37: This general analysis, which is religious in nature, can be supplemented by a number of particular considerations to demonstrate that among the actions and attitudes opposed to the will of God, the good of neighbor and the “structures” created by them, two are very typical: **on the one hand, the all-consuming desire for profit, and on the other, the thirst for power, with the intention of imposing one’s will upon others.

In order to characterize better each of these attitudes, one can add the expression: “at any price.” In other words, we are faced with the absolutizing of human attitudes with all its possible consequences.

Since these attitudes can exist independently of each other, they can be separated; however in today’s world both are indissolubly united, with one or the other predominating**.

The former. Socialism has never in the world’s history displayed a lasting, continuous economic growth. It always collapses, not because of outside influences, as many people ardently wish to believe, but because it itself is a failure.

The New York Times published a feature-length article commentary on this encyclical in 1988 which you can find in the archive:

It defends capitalism and criticizes the pope, nevertheless it correctly conveys his argument. The author’s view shows how anti-Catholic strict capitalism can be:

In his doctrinal instruction, he sees ‘‘the existence of two opposing blocs, commonly known as the East and the West.’’ He recognizes that at the base of this antagonism are ideologies with ‘‘two very different visions of man and of his freedom and social role.’’

So far, so simplistic; he is at least a decade out of date on his geopolitics. Both superpowers now face great schisms within each ‘‘bloc,’’ and totalitarian ideology is in turmoil. But let us accept his bipolar thesis. We know that the East is statist and atheist, that the West makes an effort to respect the individual’s free will rooted in Judeo-Christian precepts. On which side is the Roman Catholic Church?

Apparently on neither side. ‘’. . . the church’s social doctrine,’’ he pontificates, ‘‘adopts a critical attitude toward both liberal capitalism and Marxist collectivism.’’ Why? ‘‘Each of the two blocs harbors in its own way a tendency toward imperialism . . .’’
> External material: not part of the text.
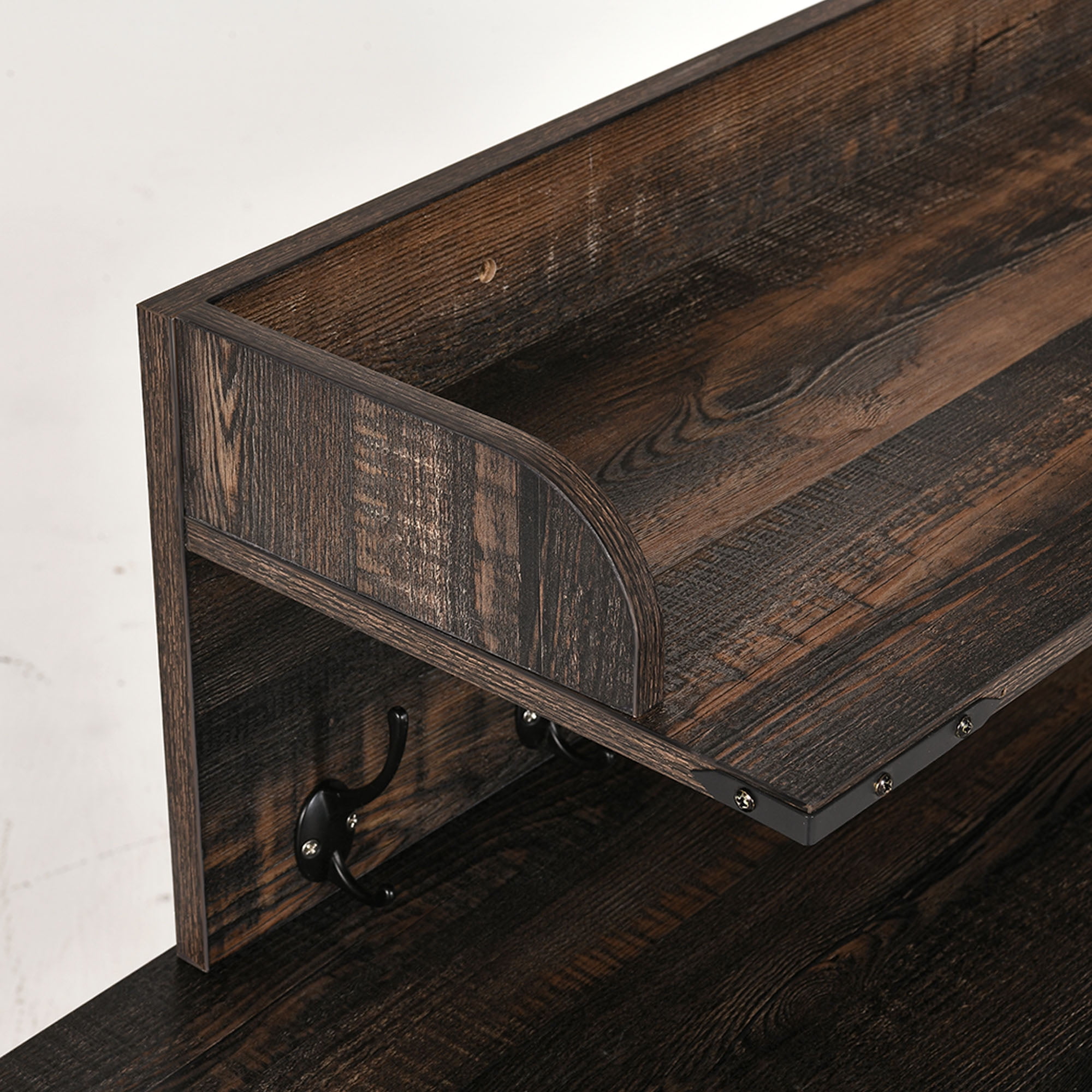 With stylish and rustic appeal, Dextrus entryway bench with coat rack wall mounted can match perfectly with other furniture in your home.Comfortably sit on this bench to change your shoes and hang your coat on the rack when coming home or going out. No tripping over your shoes or leaving your coat lying around anymore! Conveniently get bags, coats, scarves, etc at the front door without needing to open the closet. The top shelf act as a stage to show off photos, small plants, books, etc.

He labels the two blocs as ‘‘structures of sin’’: ‘‘on the one hand, the all-consuming desire for profit, and on the other, the thirst for power, with the intention of imposing one’s will upon others.’’

In sum, the West’s greed is the moral equivalent of the East’s power lust, and both are guilty of impoverishing the innocent and exploited third world. If words have meaning, that is now the official world view of the Vatican…

Socialism would be the best form of socio-economic system if only Jesus would come back and be prime minister and materialize a few million uncorruptable and unfoolable angels to be the police and bureacrats overseeing the mechanisms. Actually, even that might not be enough. We might need to wait until heaven since socialism fails to account for the fallenness of man at all. Man is fallen and in general won’t be motivated to work hard for the good of the collective.

Until then, socialism is hopelessly corrupt and prone to cronyism FAR more than private asset ownership and free enterprise is (not I didn’t say “capitalism”).

I predict that the countries characterized by socialism will abandon it within the next 20 years. They’ll have to since they’re ALL on the brink of bankruptcy right now. So is the USA, of course, but once we collapse, our replacement will also rely on private ownership and free enterprise. Socialism NEVER builds up strong economies. It only takes over strong economies built up under freedom and rides them down to ruin in the long run.

There is no perfect system. All systems have their positive and negative points.